During last year’s Society for Endocrinology BES conference in Harrogate, the Adrenal and Cardiovascular Network took the opportunity to run a Research Incubator Meeting. We had issued a call for abstracts for research proposals, which had attracted two excellent presentations that concisely outlined specific plans and projects. The amassed expertise that gathered in the room for the session included some who had been specifically invited to provide all the knowledge and experience needed to facilitate proposal development. This meant we were able to ask all the relevant questions of the speakers and to offer constructive advice during the event.

As a Network Convenor, I felt that the session was a great success:

  • Despite the early hour, it was well attended, attracting more than 50 people.
  • We achieved our aim of a friendly, constructive and unintimidating atmosphere to help, not hinder, research. (The last thing we wanted was for enthusiastic young researchers to be shot down!)
  • The session was bursting with relevant and helpful conversation.
  • Plans were made and follow-up discussions held with key individuals, with the aim of submitting fellowship and grant applications to try and secure funding for the proposals.

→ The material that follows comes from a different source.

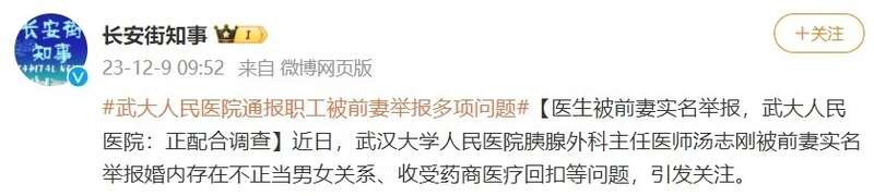 去年12月,武汉大学人民医院胰腺外科主任医师汤志刚被前妻实名举报婚内存在不正当男女关系、收受药商医疗回扣等问题,引发关注。

Progress since has seen applications submitted which will hopefully be successful. Decisions are currently awaited. Certainly, I would like to think that the session at SfE BES 2017 helped to refine and improve the research ideas that were presented and to bring key people together.

Building on that success, we plan to run a similar session this year at SfE BES in Glasgow. We encourage as many people as possible to submit their research ideas for the Adrenal and Cardiovascular Network Research Incubator Meeting.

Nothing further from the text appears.